Digging into the Data behind “Business as Usual”

Paul Currion
Frontier Tech Hub
Published in
6 min readApr 9, 2020

When we started working with the UK Department for International Development (DFID) and UN Office for the Coordination of Humanitarian Affairs (OCHA) on this pilot, we needed to answer the critical question for any business: does anybody really need our service? This was the easy part — of course everybody needs a better way to track aid! We identified the specific needs of donors, UN agencies and NGOs in Sprint One, but we knew that the really hard work would come in Sprint Two, when we needed to collect the data to take the pilot forward.

At the end of Sprint Two we breathed a sigh of relief, because the data collection had not been as difficult as we expected. This was thanks to the excellent cooperation of DFID and UN colleagues, and the offices of 40 implementing organisations working with two of the Country Based Pooled Funds (CBPFs), Iraq (IRQ) and the occupied Palestinian Territories (OPT). We drew on existing OCHA databases, but also gathered more detailed transaction data directly from those implementing partners for the period 2018–19, which enabled us to paint a more comprehensive picture of their delivery chains.

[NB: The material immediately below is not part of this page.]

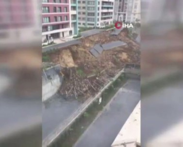 Başakşehir’de bir sitenin istinat duvarı çöktü. Duvar çöktükten hemen sonra toprağın kaymaya devam ettiği anlar kameralara yansıdı.

These chains are highlighted in yellow in Figure 1 (below), a Sankey diagram that illustrates the flow of funds from DFID and other donors to implementing partners via the CBPFs; in this example, the yellow flows are those where we were able to get detailed data on financial transactions.

Figure 1: A Sankey diagram showing funding flows from donors to implementing organisations via Country Based Pooled Funds.

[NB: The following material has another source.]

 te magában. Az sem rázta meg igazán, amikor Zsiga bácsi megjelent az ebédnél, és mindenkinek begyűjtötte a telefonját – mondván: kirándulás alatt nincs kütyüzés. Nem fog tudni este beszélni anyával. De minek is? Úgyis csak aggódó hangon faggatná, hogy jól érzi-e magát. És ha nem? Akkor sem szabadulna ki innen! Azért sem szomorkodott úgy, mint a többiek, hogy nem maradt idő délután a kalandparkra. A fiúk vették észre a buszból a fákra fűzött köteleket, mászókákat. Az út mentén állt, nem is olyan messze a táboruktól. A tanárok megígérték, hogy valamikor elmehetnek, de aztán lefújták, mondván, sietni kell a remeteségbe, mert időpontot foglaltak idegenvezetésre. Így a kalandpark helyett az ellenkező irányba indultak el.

The next question was: how do we present this data and our subsequent analysis, in a useful format? Although you can see that our dataset is incomplete — the data collection was a voluntary exercise, and many implementing organisations were simply too busy to respond — when we presented our findings to DFID and OCHA colleagues, it became clear that nobody had ever collected this detailed data previously, and that it had never been presented in this way. This confirmed two of our beliefs:

  1. the data does exist to enable us to reconstruct entire delivery chains, but it is fragmented between multiple stakeholders in different countries, using different systems and working with different financial institutions;
  2. such reconstruction provides a more granular picture of delivery chains than currently possible.

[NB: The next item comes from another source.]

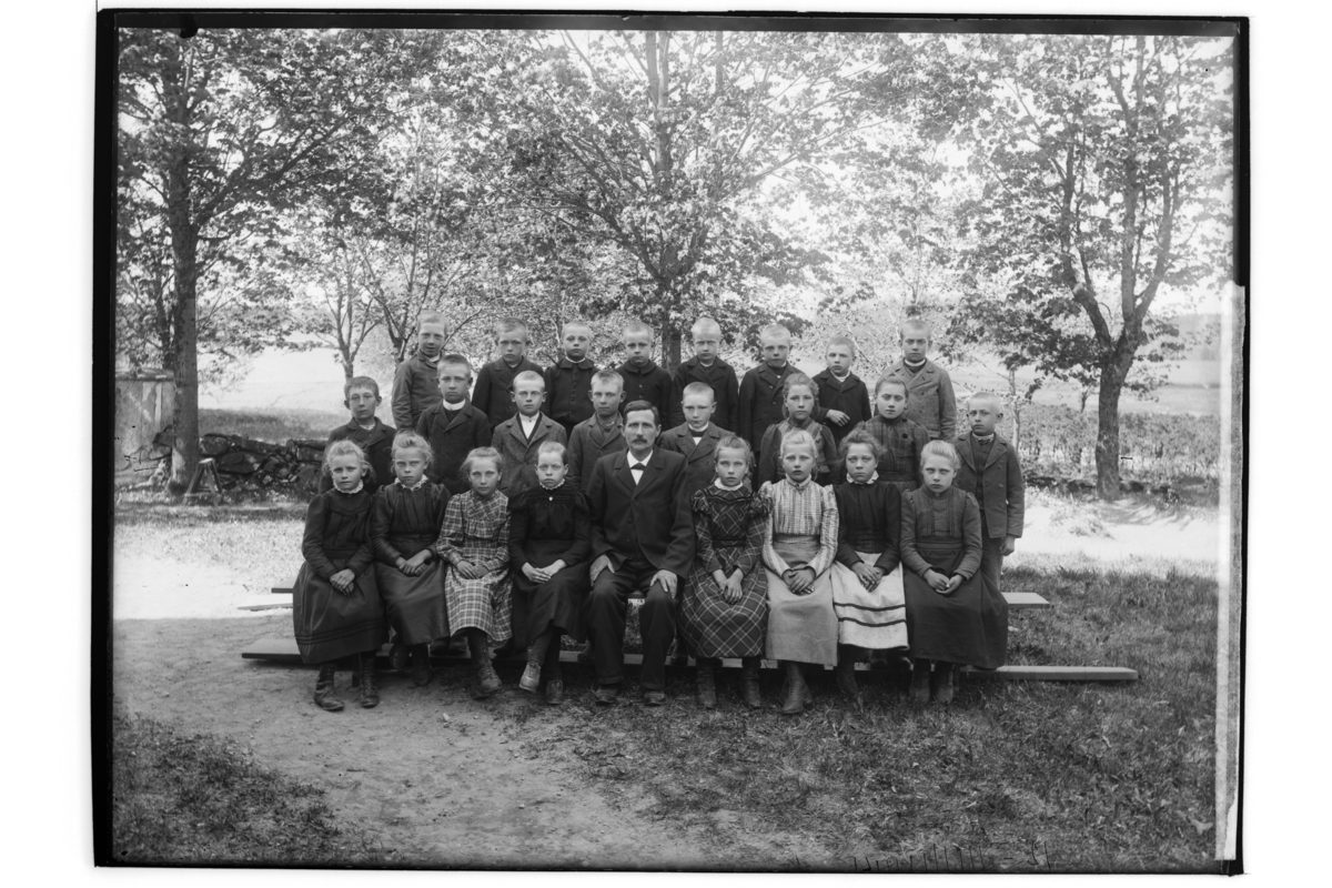 Täby kyrkskola, skolklass, 24 skolbarn med lärare magister Kilström.

Clearly there is a potential role for an innovative service like Disberse — not just in terms of improving the efficiency and transparency of aid (as we discussed in our previous blog post on transparency), but also in terms of enhancing the analytic capabilities of the aid industry. For example, we were able to pinpoint bottlenecks for liquidity in specific delivery chains which would cause delays in aid reaching the end recipients. Bringing as many of these transactions as possible onto one platform would make possible better analysis — and therefore better decisions.

The service we are piloting could help make this possible, in two ways. First, Disberse is not a tracking system but a financial institution; data would reflect actual transactions in real time, requiring no additional reporting from over-stretched staff. Second, a distributed ledger could allow all this data to continue to be managed by the responsible institutions, but more easily shared between them to improve the collective intelligence of the aid industry. This would also inform and complement existing systems such as the International Aid Transparency Initiative (IATI) and OCHA’s Grant Management System (GMS).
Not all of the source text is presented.